→ WORK TO COMPLETE: The required output is the exact run of lines in the listing below from the line holding "Anthony Joseph Celebrezze (1910-1998)" through the line holding "Brodi Castle, Scotland", with no pictures.

→ WORKING DATA:
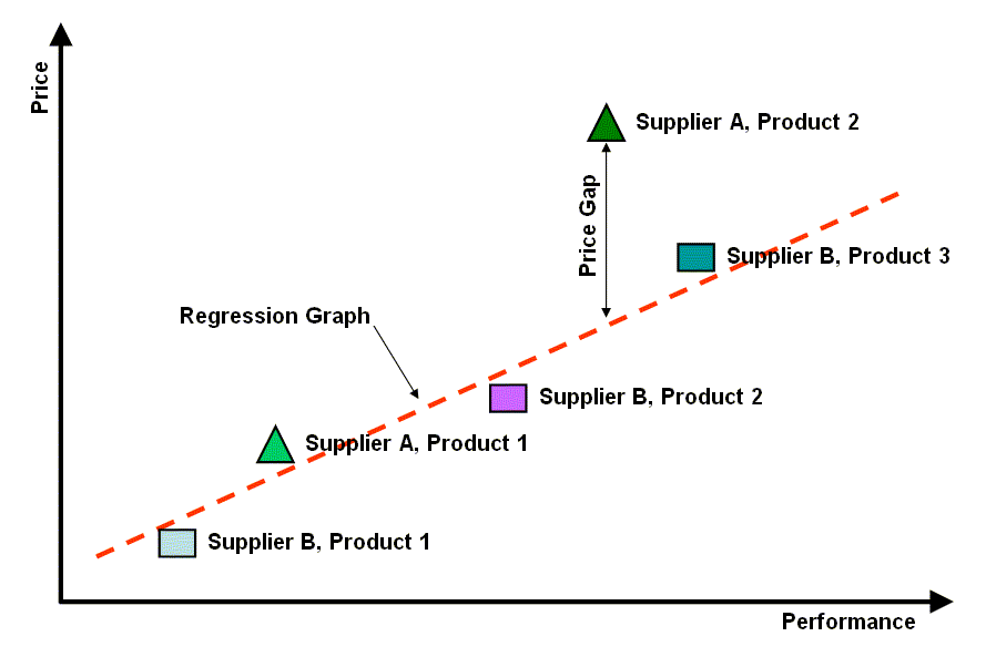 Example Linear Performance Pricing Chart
* * *
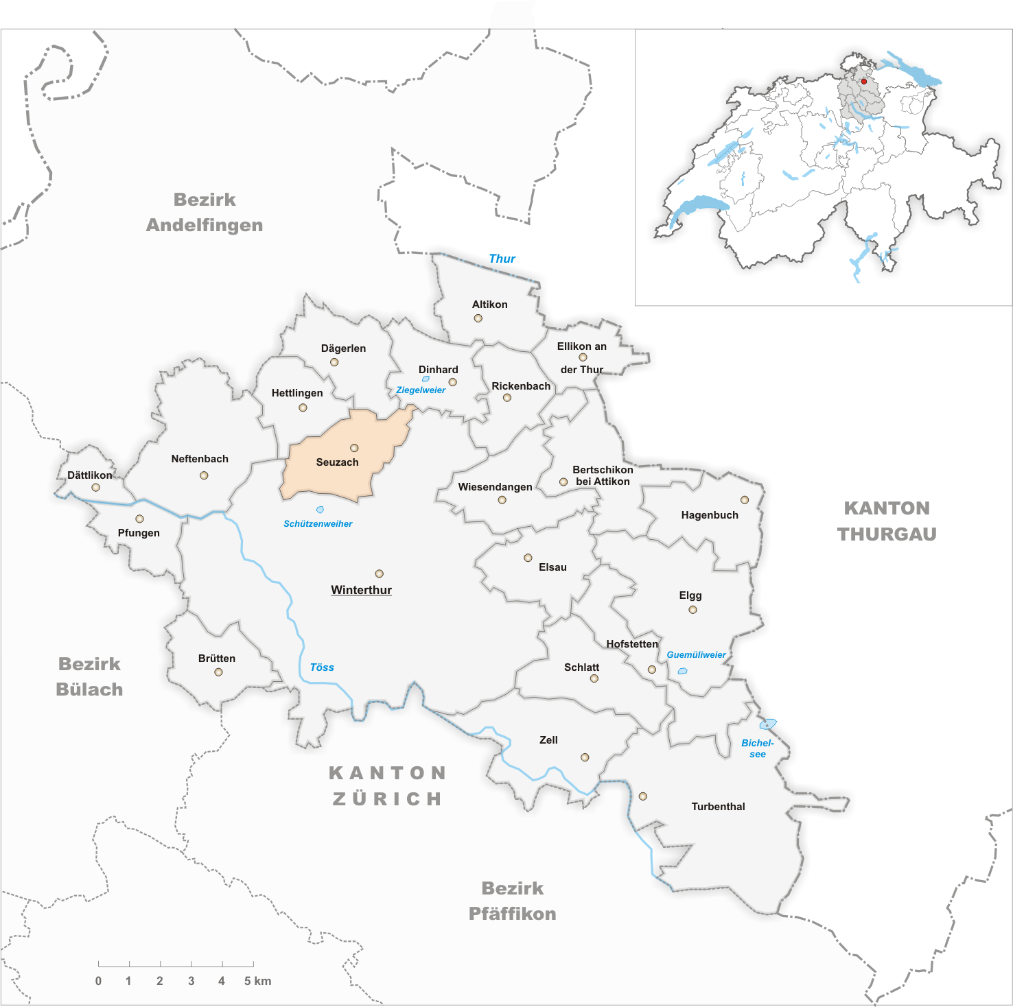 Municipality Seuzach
---
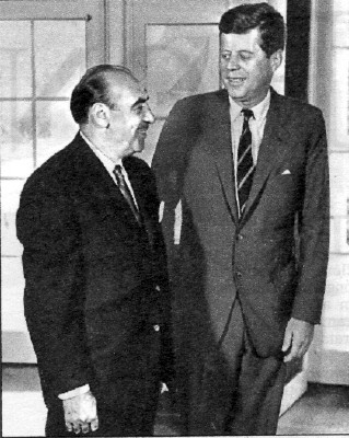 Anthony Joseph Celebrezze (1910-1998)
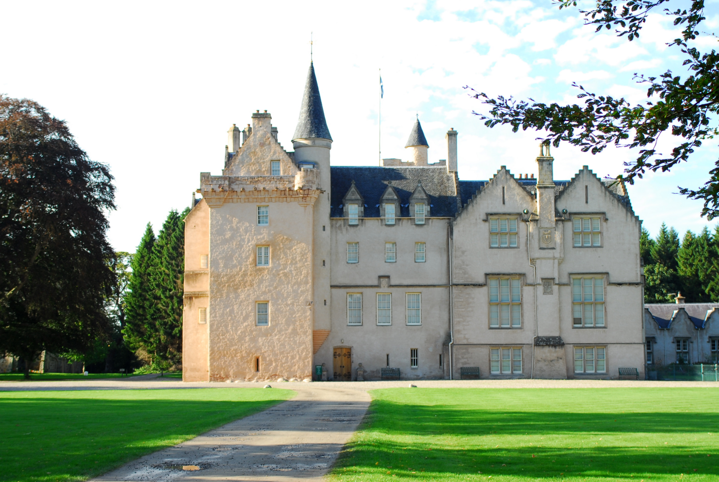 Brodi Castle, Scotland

→ FINAL ANSWER:
 Anthony Joseph Celebrezze (1910-1998)
 Brodi Castle, Scotland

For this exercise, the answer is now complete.